## Question 11(a):

| Answer | Mark | Guidance |
|--------|------|----------|
| Differentiate to obtain $-\frac{4}{3}x^{-\frac{1}{3}} + x^{-\frac{4}{3}}$, or rewrite as quadratic in $x^{-\frac{1}{3}}$ or $x^{\frac{1}{3}}$ | B1 | Expect quadratic $2\left(x^{-\frac{1}{3}}\right)^2 - 3x^{-\frac{1}{3}}+1$ OE. Allow $2x^2-3x+1$ |
| Equate first derivative to zero and reach solution for $x^{-\frac{1}{3}}$ or $x^{\frac{1}{3}}$ with no error in indices, or complete the square to find minimum point $2\left(a-\frac{3}{4}\right)^2 - \frac{1}{8}$ where $a=x^{-\frac{1}{3}}$ | M1 | Substitution SOI if dealt with correctly later |
| Obtain $x = \frac{64}{27}$ | A1 | Or exact equivalent. SC B1 if no working shown. Ignore extra solution $x=0$ |
| $y = -\frac{1}{8}$ seen | B1 | Or exact equivalent.

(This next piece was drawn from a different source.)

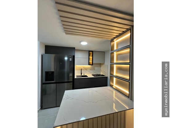 Apartamento en venta en El Trapiche Bello, con un área de 75 m². Cuenta con 3 habitaciones amplias, 2 baños modernos, habitación principal con vestier, sala comedor, cocina integral en piedra sintetizada con excelente iluminación natural, zona de ropas independiente y parqueadero para carro.

Allow $-0.125$ |

## Question 11(b):

| Answer | Mark | Guidance |
|--------|------|----------|
| Recognise equation as quadratic in $x^{-\frac{1}{3}}$ and attempt solution | M1 | $2a^2-3a+1[=0]$ where $a=x^{-\frac{1}{3}}$ |
| Obtain $x^{-\frac{1}{3}}=1$ and $x^{-\frac{1}{3}}=\frac{1}{2}$ | A1 | OE. SC B1 if no M mark awarded |
| Obtain 1 and 8 | A1 | SC B1 if no M mark awarded |
| Integrate to obtain form $k_1x^{\frac{1}{3}} + k_2x^{\frac{2}{3}} + x$ or 2 out of 3 correct terms | *M1 | Expect $6x^{\frac{1}{3}} - \frac{9}{2}x^{\frac{2}{3}} + x$ |
| Obtain correct $6x^{\frac{1}{3}} - \frac{9}{2}x^{\frac{2}{3}} + x$ | A1 | No other terms from a second integral |
| Apply their limits correctly | DM1 | Their limits must be from their working |
| [Obtain $-0.5$ and conclude area is] $0.5$ | A1 | |